Source records:
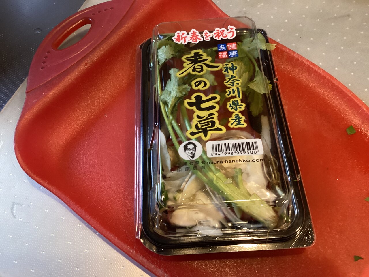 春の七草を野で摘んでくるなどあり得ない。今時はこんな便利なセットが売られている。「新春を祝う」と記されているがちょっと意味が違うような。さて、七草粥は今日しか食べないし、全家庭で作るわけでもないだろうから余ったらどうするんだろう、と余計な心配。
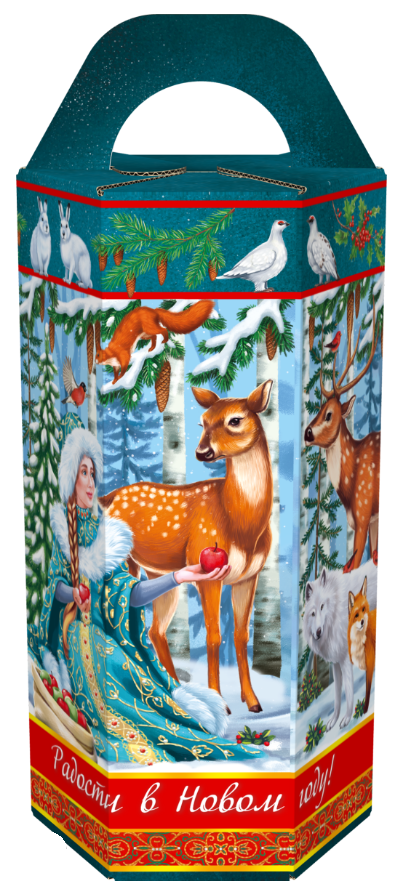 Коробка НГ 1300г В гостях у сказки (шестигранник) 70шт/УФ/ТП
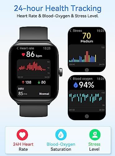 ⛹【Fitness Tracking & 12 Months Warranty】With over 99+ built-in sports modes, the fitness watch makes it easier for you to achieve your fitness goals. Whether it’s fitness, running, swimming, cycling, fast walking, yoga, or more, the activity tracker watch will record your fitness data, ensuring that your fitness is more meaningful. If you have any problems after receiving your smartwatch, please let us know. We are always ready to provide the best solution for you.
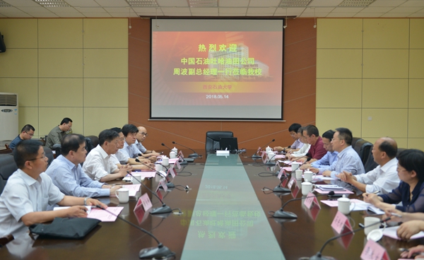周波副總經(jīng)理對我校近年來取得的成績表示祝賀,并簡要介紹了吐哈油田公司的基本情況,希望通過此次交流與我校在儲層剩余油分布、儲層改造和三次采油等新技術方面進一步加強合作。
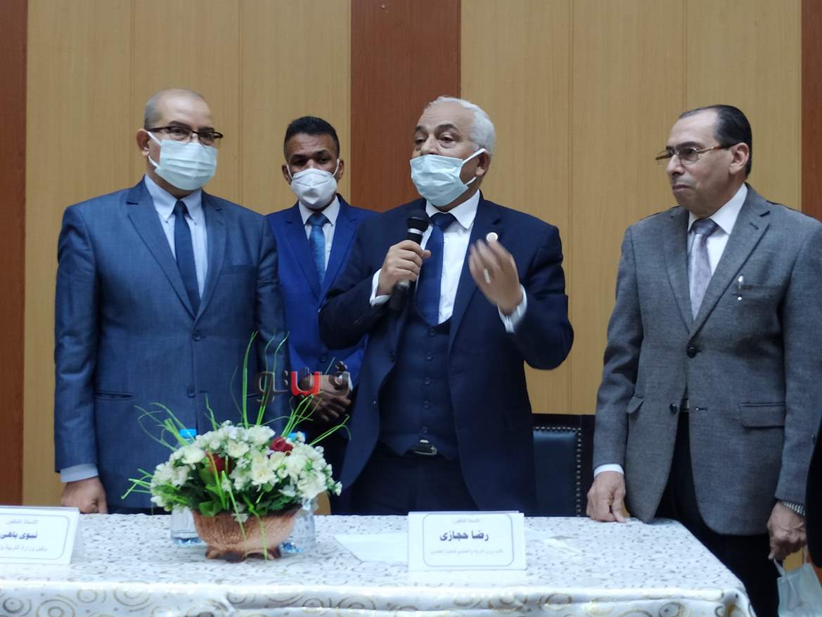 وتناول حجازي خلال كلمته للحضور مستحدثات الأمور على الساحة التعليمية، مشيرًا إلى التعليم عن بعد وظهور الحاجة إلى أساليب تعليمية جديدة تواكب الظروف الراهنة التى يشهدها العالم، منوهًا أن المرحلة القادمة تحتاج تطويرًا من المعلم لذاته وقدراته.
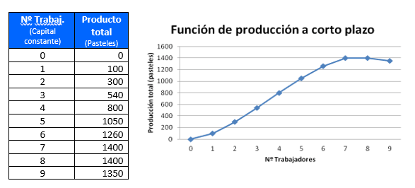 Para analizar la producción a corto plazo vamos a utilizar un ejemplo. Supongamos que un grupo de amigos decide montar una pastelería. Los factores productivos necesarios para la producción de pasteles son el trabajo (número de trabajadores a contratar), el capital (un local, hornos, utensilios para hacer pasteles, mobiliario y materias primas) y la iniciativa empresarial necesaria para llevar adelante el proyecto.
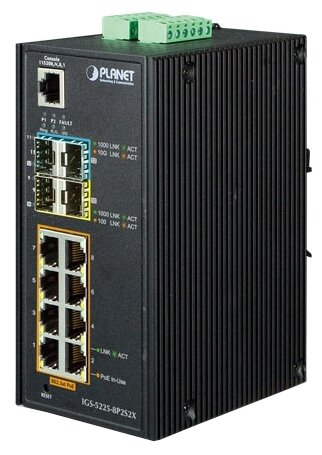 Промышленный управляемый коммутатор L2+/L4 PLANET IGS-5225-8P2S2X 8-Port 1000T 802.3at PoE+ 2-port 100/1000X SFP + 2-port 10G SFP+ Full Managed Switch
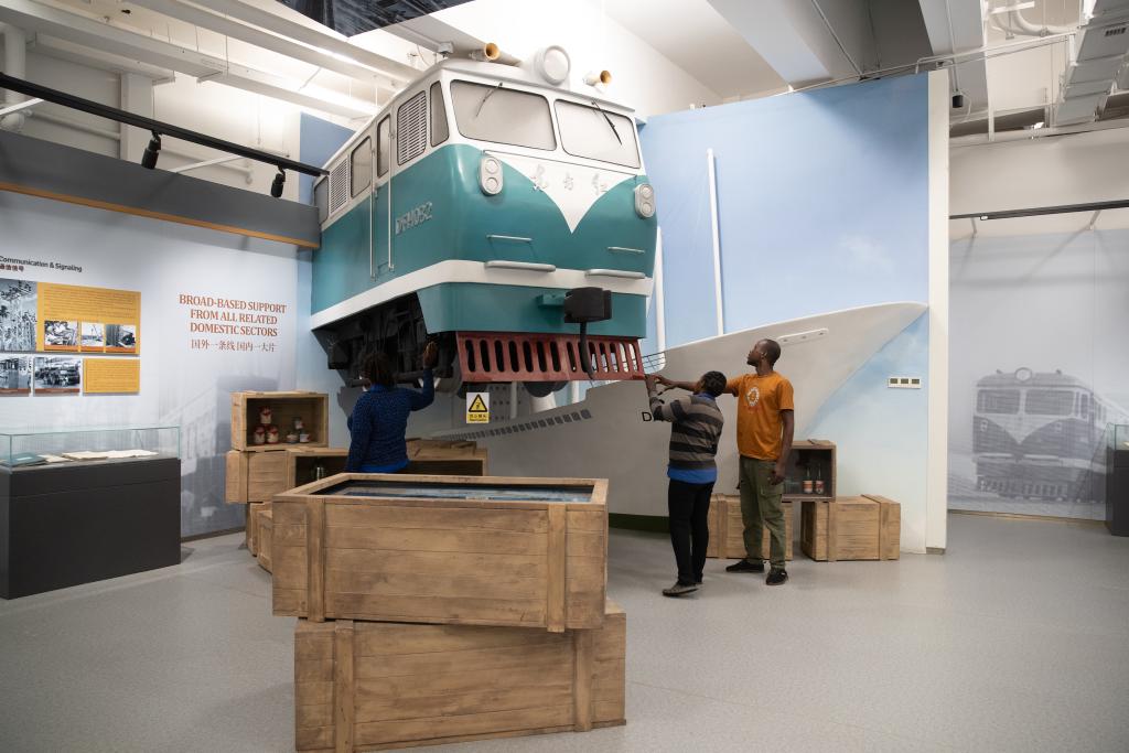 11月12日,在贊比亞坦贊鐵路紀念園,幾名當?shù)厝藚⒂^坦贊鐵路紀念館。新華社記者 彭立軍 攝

Work item: Every line above goes into the copy unchanged; the pictures do not.

Answer space:
 春の七草を野で摘んでくるなどあり得ない。今時はこんな便利なセットが売られている。「新春を祝う」と記されているがちょっと意味が違うような。さて、七草粥は今日しか食べないし、全家庭で作るわけでもないだろうから余ったらどうするんだろう、と余計な心配。
 Коробка НГ 1300г В гостях у сказки (шестигранник) 70шт/УФ/ТП
 ⛹【Fitness Tracking & 12 Months Warranty】With over 99+ built-in sports modes, the fitness watch makes it easier for you to achieve your fitness goals. Whether it’s fitness, running, swimming, cycling, fast walking, yoga, or more, the activity tracker watch will record your fitness data, ensuring that your fitness is more meaningful. If you have any problems after receiving your smartwatch, please let us know. We are always ready to provide the best solution for you.
周波副總經(jīng)理對我校近年來取得的成績表示祝賀,并簡要介紹了吐哈油田公司的基本情況,希望通過此次交流與我校在儲層剩余油分布、儲層改造和三次采油等新技術方面進一步加強合作。
 وتناول حجازي خلال كلمته للحضور مستحدثات الأمور على الساحة التعليمية، مشيرًا إلى التعليم عن بعد وظهور الحاجة إلى أساليب تعليمية جديدة تواكب الظروف الراهنة التى يشهدها العالم، منوهًا أن المرحلة القادمة تحتاج تطويرًا من المعلم لذاته وقدراته.
 Para analizar la producción a corto plazo vamos a utilizar un ejemplo. Supongamos que un grupo de amigos decide montar una pastelería. Los factores productivos necesarios para la producción de pasteles son el trabajo (número de trabajadores a contratar), el capital (un local, hornos, utensilios para hacer pasteles, mobiliario y materias primas) y la iniciativa empresarial necesaria para llevar adelante el proyecto.
 Промышленный управляемый коммутатор L2+/L4 PLANET IGS-5225-8P2S2X 8-Port 1000T 802.3at PoE+ 2-port 100/1000X SFP + 2-port 10G SFP+ Full Managed Switch
 11月12日,在贊比亞坦贊鐵路紀念園,幾名當?shù)厝藚⒂^坦贊鐵路紀念館。新華社記者 彭立軍 攝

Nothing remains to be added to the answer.